Applications of Deep Machine Learning
Deep Learning / Machine Learning algorithms do in some way mimic human cognition, although the substrate is different (silicon) and the exact algorithms are different despite similar end functions/solutions.
While my interest is in helping develop better A.I. algorithms, I am mainly looking into making small changes and editing and re-training existing A.I. systems, and expanding datasets. Furthermore, this section focuses on the application of existing algorithms, already trained with extensive datasets. These are extremely powerful but provide limitations, especially with the limited labels in object processing.
<-- GIF references: Screenshot images saved by H Muzart; some are showing image stimuli made by H Muzart (a subset using other CCBY images), being processed by DML algorithms (by other open-source authors, see below), modified and run by H Muzart.

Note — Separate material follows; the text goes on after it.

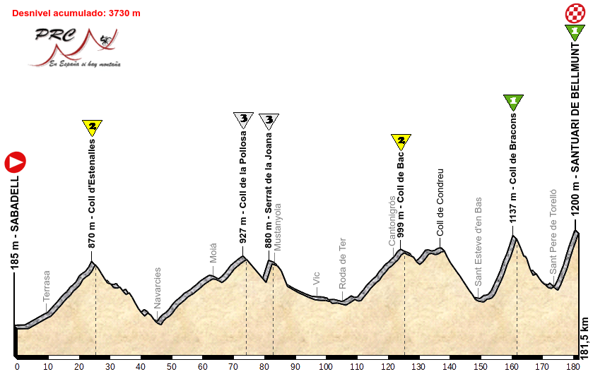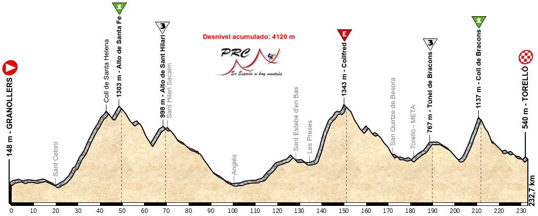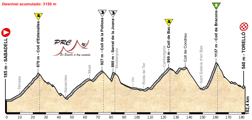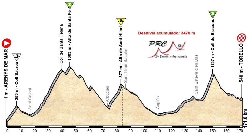 Tercera etapa que, como la anterior, usa las carreteras del Macizo del Montseny para endurecer la carrera, pero en esta ocasión en una jornada más corta donde se busca directamente el final con Bracons. Partiendo junto al mar en Arenys se pone rumbo al cielo primero con el modesto Coll Sacreu, y luego con la eterna ascensión hasta Santa Fe del Montseny por Santa Helena, mismo puerto que en la segunda etapa. Pero en esta ocasión se desciende por completo hasta Arbucies para subir así a Sant Hilari Sacalm por su cara más larga y dura, completando 85 km iniciales de continuo sube y baja.

Emotional face recognition using DCNNs
Many works in visual neuroscience (Hubel, Wiesel, et al, 1970s-1990s) and human emotional behaviours (Ekman, Phelps, McGaugh, Cahill, Rolls, Feldman, et al, 1990s-2010s) have inspired a shift in computing machines from non-smart visual encoding to artificially intelligent computer vision (Hinton, et al, 2012-present) - with deep convolutional neural networks (DCNNs). The subtle cues in facial features are particularly important.
I used the Google Video/Vision API Platforms on my HM developer.console account, using Spyder and command console SDKs, to run these DML algorithms in the Cloud.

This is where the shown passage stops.